County in Virginia, United States

Bath County is a United States county located in the Allegheny Highlands on the central western edge of the Commonwealth of Virginia. As of the 2020 census, the population was 4,209, making it the second-least populous county in Virginia. Bath's county seat is Warm Springs, while the largest community is Hot Springs.

Established in 1790, Bath County was named for the natural hot springs found in the region. The county is known for its mountainous terrain and picturesque landscapes, including the George Washington and Jefferson National Forests.

==History==
Bath County was created on December 14, 1790 from parts of Augusta, Botetourt, and Greenbrier counties. Due to the many mineral springs found in the area, the county was named for the English spa and resort city of Bath. In the early 1700s, before the county was formed, the area that subsequently became Bath County was settled by people with ancestry principally in England, Scotland, Germany, Wales, Ireland and France. The families who settled in what has since become Bath County who came to Virginia from England predominantly came from the counties of Derbyshire, Hampshire, Wiltshire, Gloucestershire, Northamptonshire, the western portion of Sussex, Dorset, Somerset (where Bath in England is located), Norfolk, Suffolk, Surrey, Kent and Lincolnshire.

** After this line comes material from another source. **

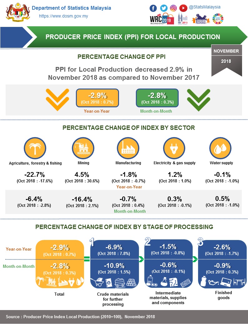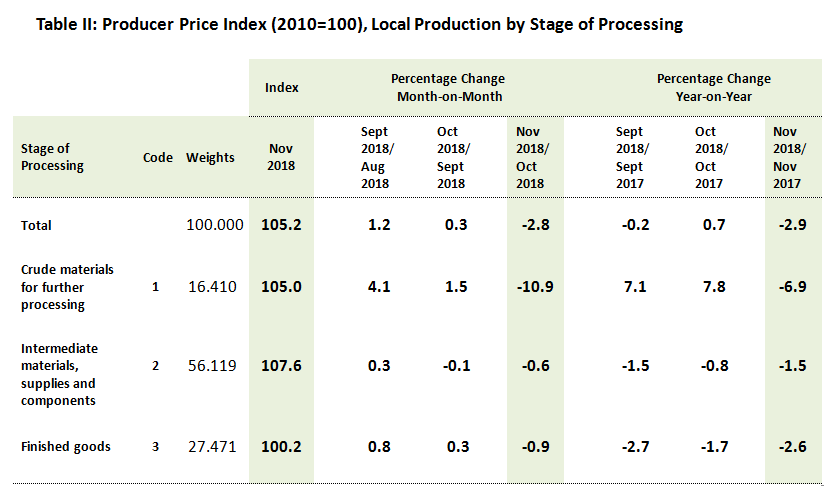The PPI for local production by stage of processing (SOP) declined 2.8 per cent in November 2018 from the previous month. It was led by the decline of all indices of which Crude materials for further processing (-10.9%), Finished goods (-0.9%) and Intermediate materials, supplies & components (-0.6%).

Like much of the Shenandoah Valley region, Bath had a relatively large share of residents descended from Scots-Irish immigrants and German farmers, both of which groups were moving southward from the back country of Pennsylvania. By 1800, Bath County's population consisted mostly of subsistence farmers, though some were also artisans and a smaller number were shopkeepers.

==Economy==

Like its namesake, Bath County's economy is focused on tourism and recreation. The county's major employer is The Omni Homestead, a resort and historic hotel built in 1766 as "The Homestead" in Hot Springs. Additional recreational opportunities are provided by camping and fishing at Lake Moomaw in the southern part of the county.

==Ecology==
The Nature Conservancy owns more than 9000 acre of forest habitat in the county, established as the Warm Springs Mountain Preserve, which adds additional protection to some of the most ecologically significant habitats in the Central Appalachian Mountains. Montane pine barrens are globally rare habitat, appearing as dwarfed shrublands, and only known in Virginia to occur on Warm Springs Mountain.

==Geography==
According to the U.S. Census Bureau, the county has a total area of 535 sqmi, of which 529 sqmi are land and 5 sqmi (1.0%) are water. 89% of Bath County is forest, with 51% in George Washington National Forest and 6% in Douthat State Park. The county is one of the 423 counties served by the Appalachian Regional Commission, and it is identified as part of "Greater Appalachia" by Colin Woodard in his book American Nations: A History of the Eleven Rival Regional Cultures of North America.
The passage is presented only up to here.